3 Степняк и степь

   Пришлый люд делал необходимые закупки, гулял по кабакам, а комиссары озаботились поиском степняка, знающего дорогу. Только после полудня переселенцы собрались и решили заночевать за Каинском-Томским в степи, подальше от лихих людей.  Когда добрые христиане, католики и православные, разместились на подводах, сотворили молитву, крестясь каждый по-своему, проводник-параба  несколько раз пробормотал на своём языке заклинание: «Хазыр-Илйас йулдаш булзын (Хазыр-Ильяс, попутчиком будь)».
 
   Свою телегу комиссары поставили впереди обоза, и лошади неспешно побрели через березовые колки  и унылую степь, покрытую блестящим чием, серебристым ковылём, да словно смазанным воском щетинистым типчаком...
 
   Заканчивался сентябрь. Было солнечно. Этот месяц - лучший здесь по постоянству погоды. В иное время даже по большаку после дождей нет проезда, так как грунт настолько слаб, что дождь обращает дорогу в жидкий бурый кисель.
 
   В обозе, рядом с передней подводой комиссаров, верхом на невысокой гнедой степной кобылке  передвигался проводник. Теперь Нюша могла получше разглядеть наряд тюрка. Параба был одет в длиннополый распашной кафтан, полы которого были перехвачены домотканым поясом. Из-под пол кафтана выглядывали короткие кривые ноги, словно обёрнутые синей пестрорядью  полосатых штанов. Штаны, в свою очередь, были заправлены в мягкие узорные ичиги бараньей кожи. Войлочный колпак, расшитый узорами из синельной пряжи с выступом сзади, одетый прямо на тюбетейку, дополнял наряд степняка. Иногда проводник рысью уходил вперёд разведать дорогу, а затем не спеша возвращался к обозу. Комиссары, пока парабы  не было, вели учёт полосатых верстовых столбов и лениво переговаривались между собой:

- Вышли поздно. Как думаешь, сколько дней понадобится на переход? – спросил комиссар помоложе.

- До Дорофеева почитай полторы сотни вёрст.

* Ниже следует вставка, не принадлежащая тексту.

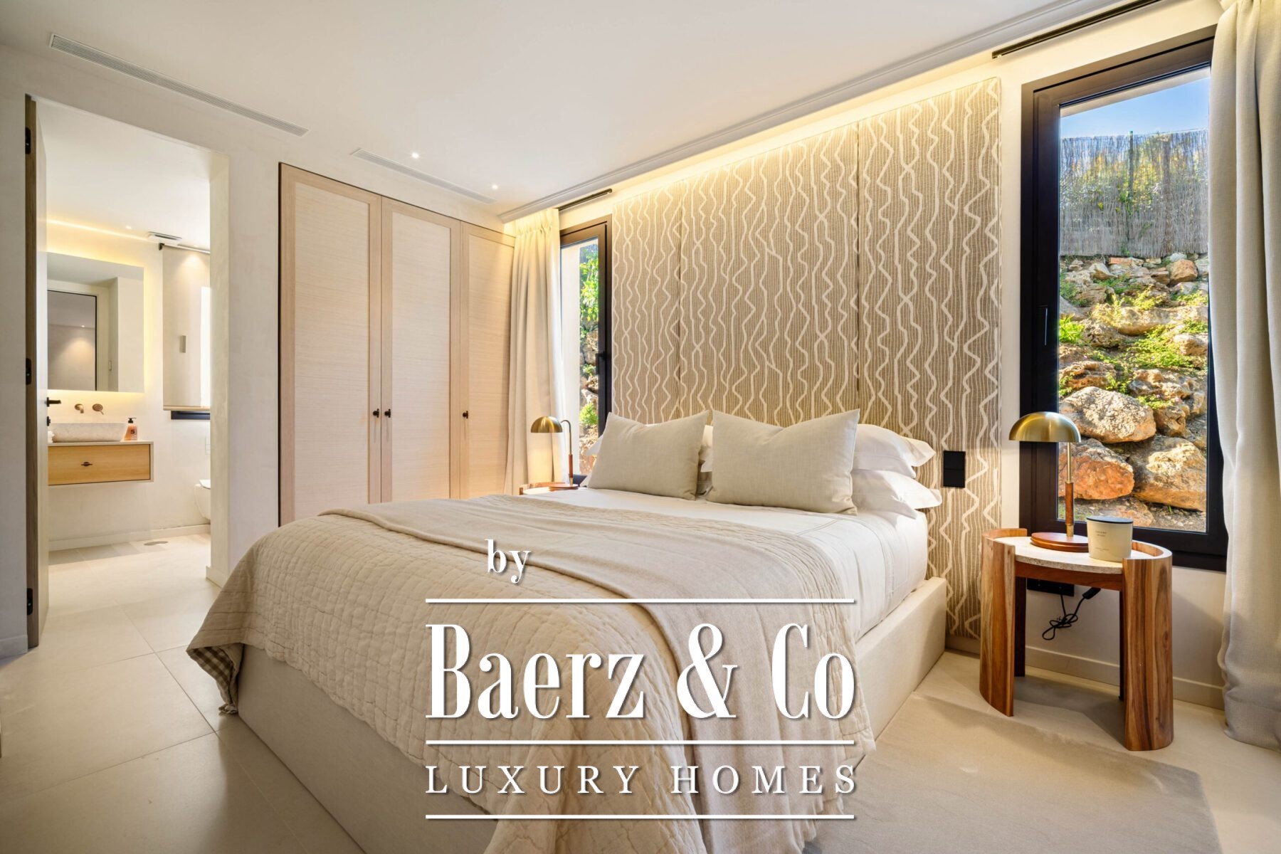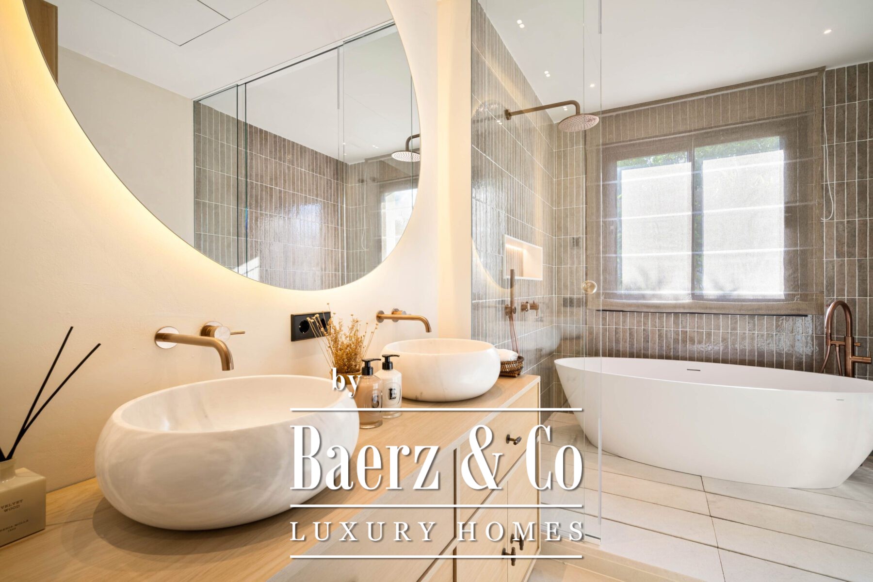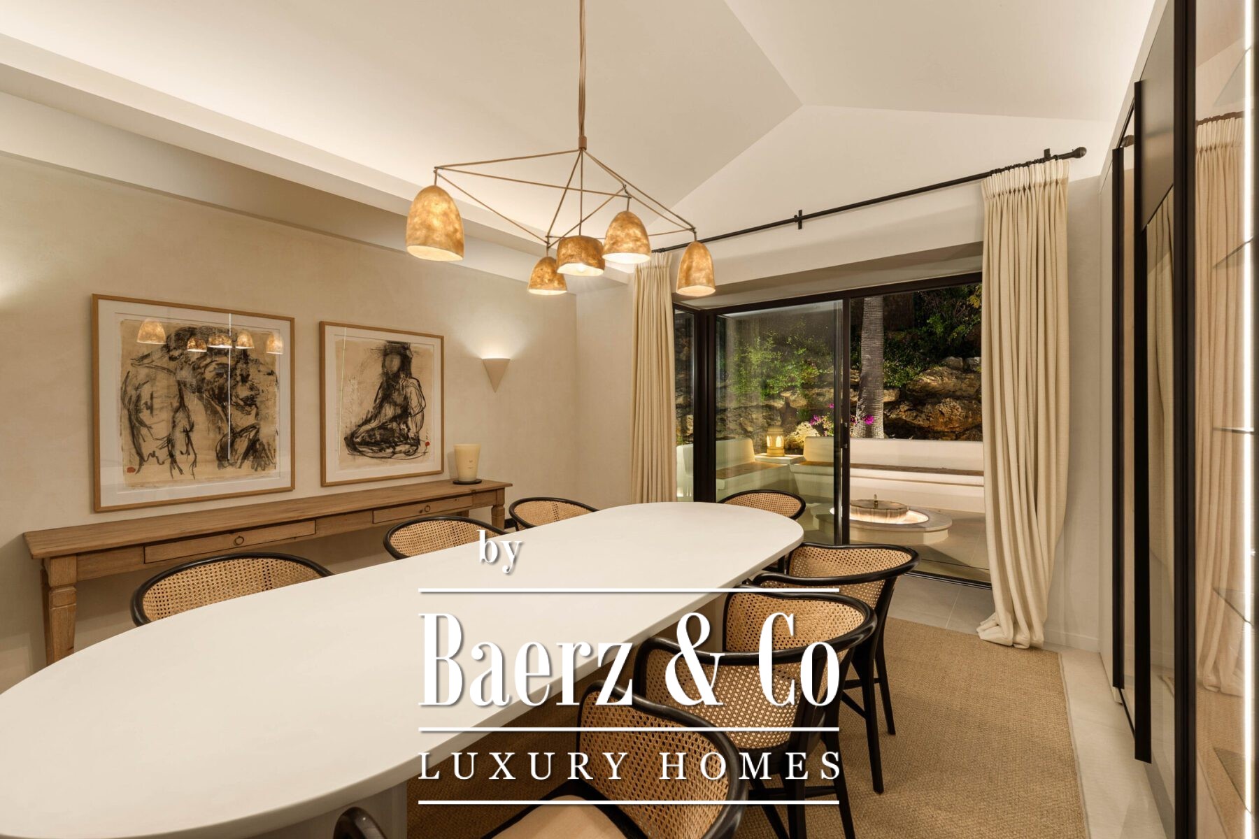 Villa Marbella with Sea and Mountain Views sits quietly in Nueva Andalucía, minutes from Los Naranjos Golf Course and close to Marbella’s celebrated beaches and dining. This fully renovated single-level villa, with 241 m² of living space and set on an 855 m² elevated plot, captures the essence of Mediterranean life. The main living area is defined by its open-plan design, vaulted ceilings, and a palette of soothing natural tones. Light moves freely throughout, courtesy of floor-to-ceiling glass doors that lead to a generous terrace, where an infinity-edge pool appears suspended above the valley. From both inside and the rooftop terrace, expansive views reach across the valley to meet the sea.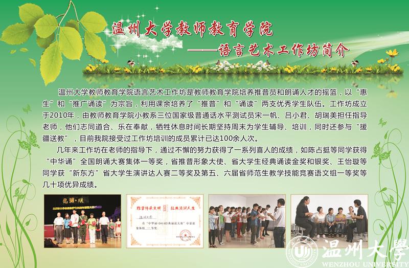 结合学科竞赛与专业活动打造的“师生专业工作坊”,也是温大教育学院师范生实践教育的一张金名片。语言、书法、演讲、文学创编、儿童剧社等师生专业工作坊既培养了学生兴趣爱好和健康个性,又充分体现了“师生专业学习共同体”育人自育的特点。

Если лошади выдюжат, да при хорошей погоде дня четыре не боле, – но подумав, добавил. - Опять же, бездорожье!

- Сколько же будет сверх того?

- Дня два добавим. Только нам это не с руки, - и дальше они стали о чём-то говорить совсем тихо, почти шептаться, чтобы никто не услышал.
 
   Проводник вернулся, его лошадка пристроилась слева от головной телеги, а сам он затянул песню, словно вёл беседу с самим собой. Комиссары поморщились: «Отстань чуток, не мешай разговаривать…»

   Параба отстал и поравнялся с повозкой Нюши. Она слушала заунывную народную песню сидя, перевязанная большим пуховым платком крест накрест. Ноги свисали с телеги. Ей дорога не казалась в тягость, так всё вокруг было интересно. В степи кое-где, несмотря на сентябрь, слышалось жужжание редких пчёл, спешно обирающих последние розовые цветы на длинных стеблях медоносной хатьмы. Дорогу то и дело перебегали корсаки, небольшие ушастые степные лисички. Ноздри дразнил сухой и горьковатый запах чабреца.

   Проводник заметил, что после путешествия в поезде ребёнок стал покашливать,  надышавшись сырого воздуха степи. Параба улыбнулся девочке, и спросил её на своём тарабарском наречии: «Синен исемен ничек?». Пошутил может, или спросил "Как тебя зовут", но ребёнок его не понял и промолчал.  Татарин отъехал, разыскал в поле солодку, вытащил из земли желтый сладковатый корешок, очистил ножом и показал девочке жестами, что лакрицу  надо сосать. Дитяти многого не надо, и с этой минуты не избалованной сладостями Нюше параба уже казался добрым, и она перестала его побаиваться. Так и улыбались друг другу пока обоз незаметно тащился первые 10 вёрст.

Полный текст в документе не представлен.